Но горе я не мог испытывать долго. Вдохнув свежего воздуха, я почувствовал себя живым как никогда. Я знал, что завтра буду с аппетитом обедать, что со временем я буду с женщиной, которую люблю, что напишу повесть и буду гулять по пляжу вдоль океана. Только те, кого мы любим больше всего, могут стать причиной нашей смерти, и только их следует опасаться. Враги наши не могут принести нам вреда. Краеугольным камнем добродетели моего брата было то, что он не боялся ни врагов своих ни тех, кого любил. Добродетель — сама себе награда, и глупцы те, кто умирает.

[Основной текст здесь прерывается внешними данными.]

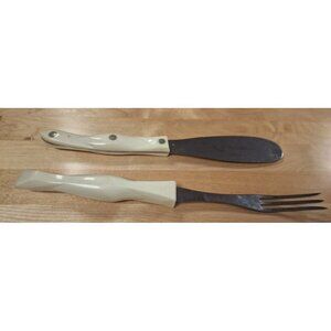 Up for sale is a Cutco Spatula Spreader Knife (#1768) paired with a Cutco Serving Fork (#1726 JB), both with pearl white handles. These are authentic Cutco pieces, made in the USA, and known for their durability, balance, and lifetime guarantee.

Но вот, недели спустя, я услышал другие истории. О том, как в самом начале их брака, когда жена его заболела, он пошел к ее родителям и в слезах вымаливал у них деньги на ее лечение. О том, как его жена, когда с ним случился этот последний приступ, попыталась сделать ему искусственное дыхание изо рта в рот, а он, за мгновение до смерти, устало махнул рукой, чтобы она отошла. Но что на самом деле означал этот последний жест? Что жизнь просто надоела ему, что его добродетель оказалась для него непосильной ношей? Я снова вспоминаю Джордана; был ли он добродетельным?
Надгробное слово по самоубийцам всю вину за их смерть взваливает на мир. Но возможно, те, кто лишает себя жизни, все же считают, что никто ни в чем не виноват, что некоторые организмы должны умирать? И видят они это более отчетливо, чем потерявшие их любимые и друзья?
Но все это слишком опасно. Я потушил свое горе и здравый смысл и, будто щит, выставил перед собой свои пороки, Я буду грешить, я буду осторожным и буду жить вечно.